Input data
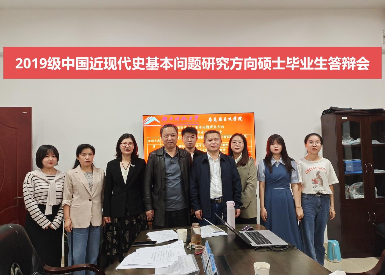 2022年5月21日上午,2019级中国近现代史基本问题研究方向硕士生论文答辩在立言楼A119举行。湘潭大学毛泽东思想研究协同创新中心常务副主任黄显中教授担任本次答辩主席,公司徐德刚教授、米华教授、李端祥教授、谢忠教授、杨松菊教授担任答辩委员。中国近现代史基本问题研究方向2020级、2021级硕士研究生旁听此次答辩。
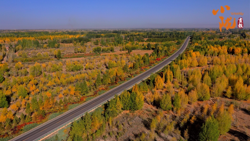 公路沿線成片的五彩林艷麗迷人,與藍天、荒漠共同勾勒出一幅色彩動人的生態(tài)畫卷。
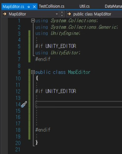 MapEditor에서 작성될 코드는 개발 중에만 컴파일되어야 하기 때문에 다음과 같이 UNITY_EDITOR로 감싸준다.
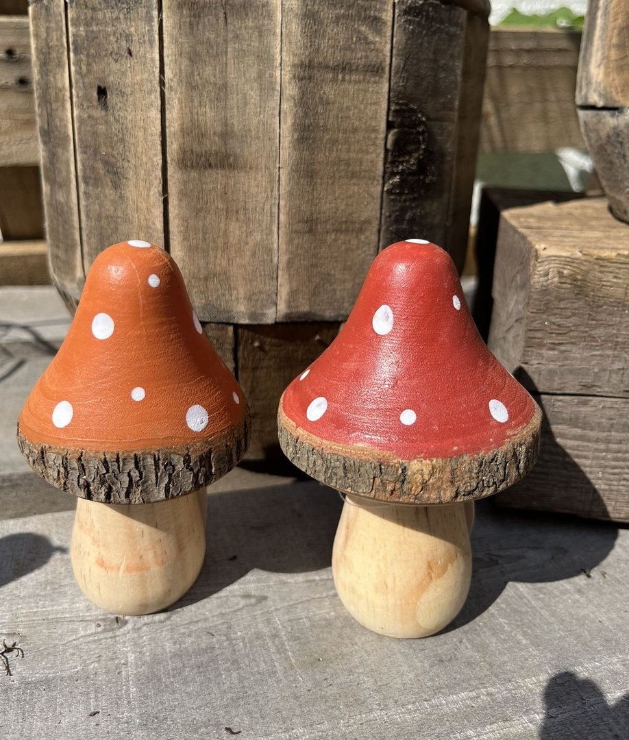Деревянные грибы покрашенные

Try it
Copy nothing but the lines above from the one with "公路沿線成片的五彩林艷麗迷人" through the end of the material, word for word, and drop the pictures.

Written answer
 公路沿線成片的五彩林艷麗迷人,與藍天、荒漠共同勾勒出一幅色彩動人的生態(tài)畫卷。
 MapEditor에서 작성될 코드는 개발 중에만 컴파일되어야 하기 때문에 다음과 같이 UNITY_EDITOR로 감싸준다.
Деревянные грибы покрашенные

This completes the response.